**TASK DIRECTIONS**
Repeat each record below exactly, dropping the pictures.
---+---
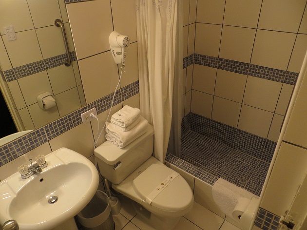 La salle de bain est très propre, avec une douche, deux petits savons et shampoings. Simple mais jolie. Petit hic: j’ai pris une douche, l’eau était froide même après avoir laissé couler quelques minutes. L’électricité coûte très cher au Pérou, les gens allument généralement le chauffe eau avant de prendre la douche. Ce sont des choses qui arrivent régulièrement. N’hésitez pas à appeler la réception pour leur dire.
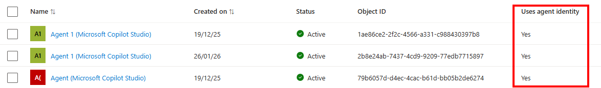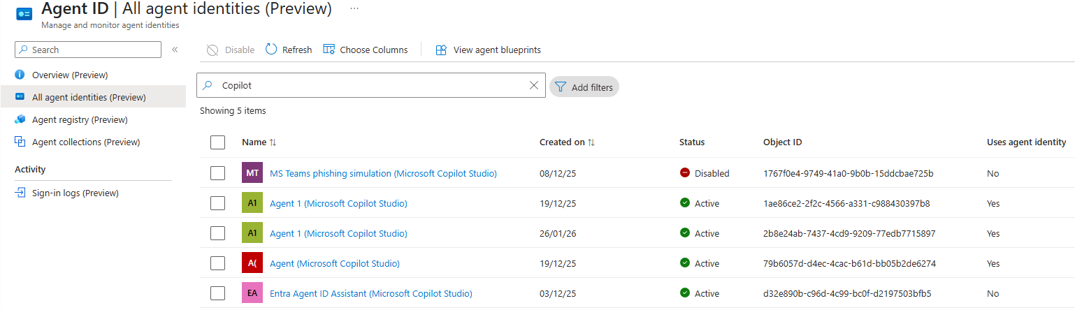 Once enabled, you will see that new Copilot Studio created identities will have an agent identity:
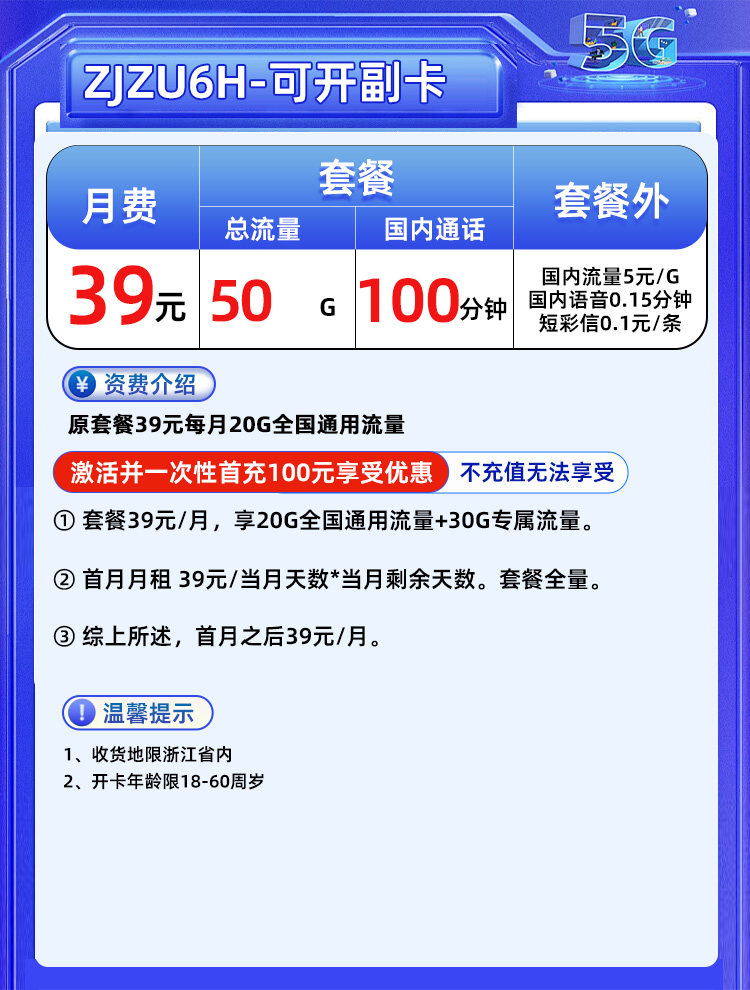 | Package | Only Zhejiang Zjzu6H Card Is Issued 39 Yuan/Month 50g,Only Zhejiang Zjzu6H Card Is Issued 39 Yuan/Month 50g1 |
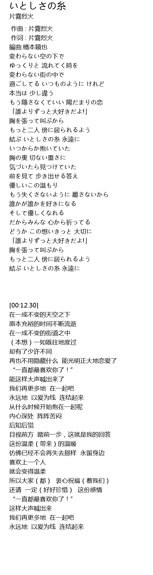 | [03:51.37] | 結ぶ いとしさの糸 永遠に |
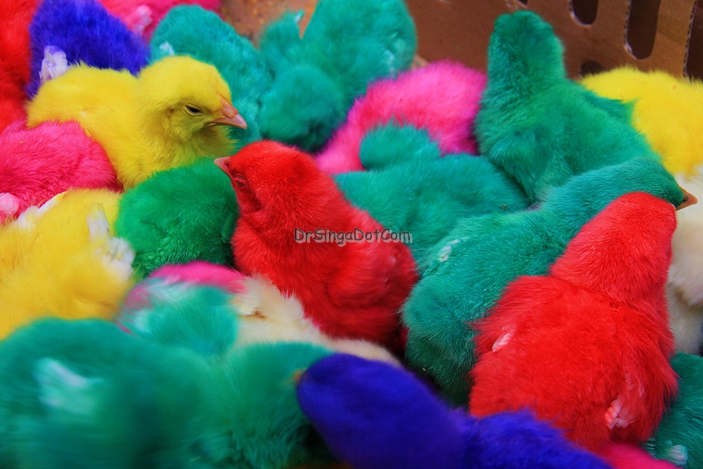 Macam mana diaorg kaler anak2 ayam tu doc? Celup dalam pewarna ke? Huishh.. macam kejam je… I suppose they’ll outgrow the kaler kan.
---+---
**RESPONSE BELOW**
 La salle de bain est très propre, avec une douche, deux petits savons et shampoings. Simple mais jolie. Petit hic: j’ai pris une douche, l’eau était froide même après avoir laissé couler quelques minutes. L’électricité coûte très cher au Pérou, les gens allument généralement le chauffe eau avant de prendre la douche. Ce sont des choses qui arrivent régulièrement. N’hésitez pas à appeler la réception pour leur dire.
 Once enabled, you will see that new Copilot Studio created identities will have an agent identity:
 | Package | Only Zhejiang Zjzu6H Card Is Issued 39 Yuan/Month 50g,Only Zhejiang Zjzu6H Card Is Issued 39 Yuan/Month 50g1 |
 | [03:51.37] | 結ぶ いとしさの糸 永遠に |
 Macam mana diaorg kaler anak2 ayam tu doc? Celup dalam pewarna ke? Huishh.. macam kejam je… I suppose they’ll outgrow the kaler kan.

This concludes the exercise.